TL;DR: HPA creates more pods, CA creates more nodes; Both rely on ‘CPU requests’. Tune this value so that new pods are forced to be scheduled on new nodes.

I have been working on k8s for almost three years to develop web applications for my clients. The web app is a CMS written in PHP and Vuejs and targeted for in-house use. We are expecting a few tens of users to access it simultaneously.

We came up to host the web app on Azure Kubernetes Service (AKS). Two dual-core machines were selected as the worker node. You may wonder about such a small-scale deployment, why choose AKS over traditional VMs with auto-scaling and load balancers, or modern ECS on AWS? Yes, I think they fit better here. However, sometimes (or I should say: as always!?!) stakeholders and business requirements override your technical decisions. 😅

Never mind, we are running on AKS now. As the software grows, users complain about the slow response time. PHP servers consume too much CPU time if there are many concurrent users. Code optimization is something that has to be done, but it takes time. The fastest way is to scale up and scale out AKS for more CPU power. 💰

I knew an auto-scaler comes with k8s, but I never go deep. So it’s the perfect time to drill into it. Turns out it took me almost a week of study to make it work. There are many high-level explanations on the topology of the Horizontal Pod Autoscaling (HPA) and Cluster Autoscaling (CA) separately. Still, I can barely find a complete example demonstrating how to bring them into a piece. In my case, I need both of them to work together! This drives me to jot it down on Medium. I suppose you already have basic Kubernetes knowledge like me but get sucked in playing with the auto-scaler. The way I showed here may not follow the best practice, I just want to share a working example so that you can go deeper on your own before giving up.

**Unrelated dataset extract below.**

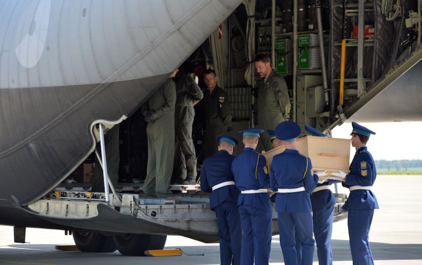 В среду, 23 июля, два военных транспортных самолета уже доставили тела 56 жертв крушения авиалайнера из Харькова в Эйндховен. Они вылетели из Харькова пополудни с интервалом примерно в час.

The implementation is less complex than I thought. I’ve just added a few blocks of setting into my original YAML file to make it works, and all these settings can be easily found on k8s official documents. What bothered me were:

  • What metrics are HPA and CA monitoring
  • The magic between HPA and CA
  • In what sequence of the auto-scalers do scaling
  • What parameter to set, and how to set

Moreover, most of the articles are focused on scale-out. How about scale-in? In my case, the web app is for in-house use, and the peak time is within office hours. If we can scale down the number of nodes at night, it will be a significant cost cut.

Metric Server

We need the metric server to run on at least one k8s node to collect resource metrics before we can go deep. It looks like the metric server is automatically deployed to the recent k8s versions. To check if the metric server is running:

# kubectl get pods --all-namespaces

You will see some pods starting with “metrics-server-” under the namespace of kube-system if you have the metric server running. If not, you have to deploy it yourself, ask google!

metrics-server should be deployed automatically

Horizontal Pod Autoscaling (HPA)

There is an official explanation and you can click the link above to see it. In short, it adds/removes pods to/from your replica set according to some rules given by you.

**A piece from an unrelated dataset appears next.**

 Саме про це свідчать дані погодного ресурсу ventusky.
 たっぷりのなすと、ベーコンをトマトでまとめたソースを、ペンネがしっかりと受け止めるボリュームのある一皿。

HPA can monitor many metrics to judge what scaling actions should make. Since I am running out of CPU, I will use CPU usage as the metric.

Consider my case: My CPU-demanded pod is the php servers. Initially, I have three replicas running. Now I wish to increase the replicas to, say 5, at an average CPU usage of 70%. We can run the following command to enable HPA for my PHP-server:

# kubectl autoscale deployment php-server --min=3 --max=8 --cpu-percent=60

Similarly, you can apply the YAML file, both mean the same.

apiVersion: autoscaling/v1
kind: HorizontalPodAutoscaler
metadata:
name: php-server
spec:
scaleTargetRef:
apiVersion: apps/v1
kind: Deployment
name: php-server
minReplicas: 3
maxReplicas: 8
targetCPUUtilizationPercentage: 60

So what is 60% CPU utilization means exact? It is defined as the total CPU time (in the unit of millicore, 1vCPU = 1000millicore, or 1000m for short) consumed by all replicas of that deployment, divided by the total requests CPU unit specified in your deployment. It is worth noting that without specifying requests resources, the HPA will fail to work. You may read more about requests and limits here if you are unfamiliar with these two terms.

CPU and Memory Request and Limit defined in YAML file

We can keep check of HPA by the following command:

# kubectl get hpa
The column “TARGETS” shows the current CPU utilization (x) and the is your targeted threshold value (y).

Take an example, I have 3 PHP-servers which are consuming 150, 200, 100 millicore respectively, and my requested CPU resources for this deployment is set to 300, then the usage is (150+400+100) / (300x3) >60%. So now the HPA is going to scale out more pods to a maximum of 8 to see if it helps to reduce the utilization rate.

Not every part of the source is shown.